Number the balls W1, W2, ..., W100 and B1, B2, ..., B101 in order of increasing weight. Bring out one table and two empty sacks. Put all the balls on the table in two ordered rows, white and black. Put one sack on the left side and one on the right side of the table. After each weighing, we will put all balls that we know are lighter than the middle ball in the left sack, and all balls that we know are heavier than the middle ball in the right sack. When we are done, there should be 100 balls in either sack and one ball remaining on the table.

We will always compare one white ball against one black ball, and we will pick each ball from the middle of its row. There will be an odd/even theme here, but let's just start and see what happens.

We begin by comparing W50 and B51. (The choice W51 and B51 gives similar results.) There are two possibilities.

(1) If W50 > B51 then the 51 black balls B1,...,B51 go into the left sack and the 50 white balls W51,...,W100 go into the right sack.

(2) If W50 < B51 then the 50 white balls W1,...,W50 go into the left sack and the 50 black balls B52,...,B101 go into the right sack.
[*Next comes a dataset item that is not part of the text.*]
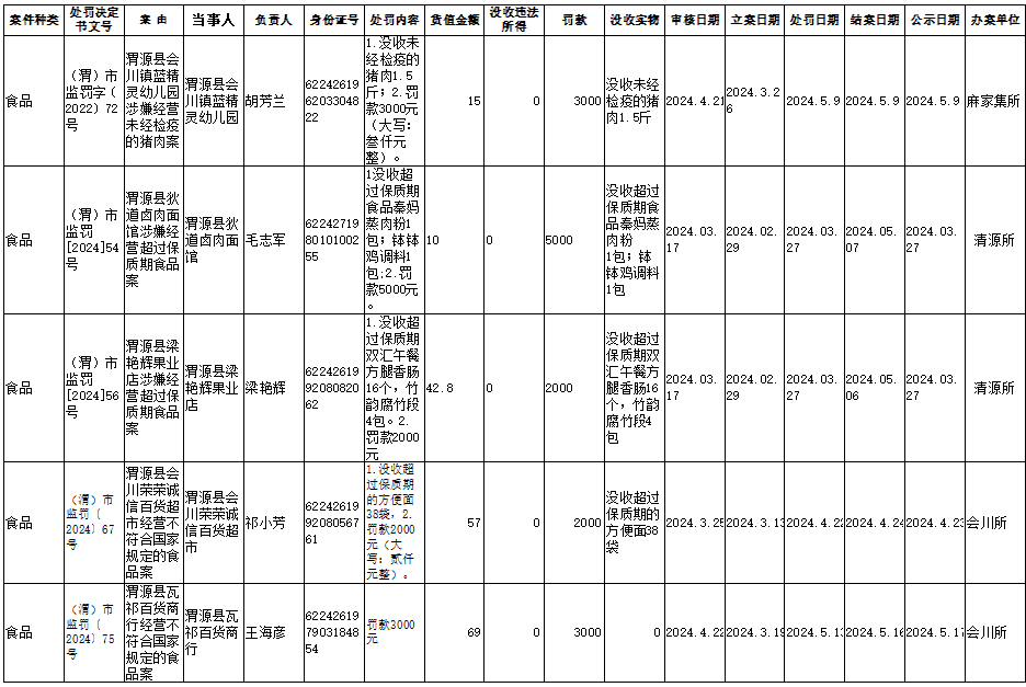 渭源县市场监管行政处罚公开表

The worst case is (2), so we will focus on that. (In case (1), it is possible to leave B51 on the table and get the same situation as in case (2), if desired.) Rename the balls W1,...,W50 and B1,...,B51, and compare W25 with B26. The worst case is when W25 < B26, then W1,...,W25 go into the left sack and B27,...,B51 go into the right sack. We have 75 balls in each sack, and 25 white and 26 black balls on the table. (Note that this time it is the larger of these two numbers which is even!)

Again, we rename the balls W1,...,W25 and B1,...,B26, and we compare W13 with B14. The worst case is when W13 < B14, then W1,...,W12 go into the left sack and B14,...,B26 go into the right sack. We now have 87 balls in the left sack, 88 balls in the right sack, and 13 white and 13 black balls on the table.
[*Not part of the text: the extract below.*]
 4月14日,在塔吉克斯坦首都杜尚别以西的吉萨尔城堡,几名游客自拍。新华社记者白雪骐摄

Rename tha balls W1,...,W13 and B1,...,B13, and compare W7 with B7. In either case, seven balls go into the left sack and six into the right sack. We have 94 balls in either sack, and 6 balls of one color (say white) and 7 balls of the other color (say black) on the table.

After the next weighing (the fifth) we will in the worst case have 97 balls in each sack, and 3 white and 4 black balls on the table.

After the sixth weighing we will in the worst case have 98 balls in the left sack, 99 balls in the right sack, and 2 balls of each color on the table.

Rename the balls W1, W2 and B1, B2. Compare W2 with B2. If W2 < B2 then put W1 in the left sack and B2 in the right sack. If W2 > B2 then put B1 in the left sack and W2 in the right sack. We are left with only two balls on the table, and in the eight and last weighing we compare them against each other.

Some general considerations:

With this method, if there are 2k white balls and 2k+1 black balls on the table, with equally many balls in each sack, one will get k white balls and k+1 black balls on the table after one weighing (as always in the worst case). We can write this as $(2k,2k+1)\mapsto (k,k+1)$. Similarly, one can consider the other possibilities for even and odd numbers of balls, and get the following four possibilities for each weighing:

$$(2k,2k+1)\mapsto(k,k+1), \qquad (2k+1,2k+2)\mapsto(k+1,k+1),$$ $$(2k+1,2k+1)\mapsto(k,k+1), \qquad (2k,2k)\mapsto (k,k).$$

(If the number of white and black balls on the table is equal, then one sack has one ball more than the other, otherwise the sacks have the same number of balls.)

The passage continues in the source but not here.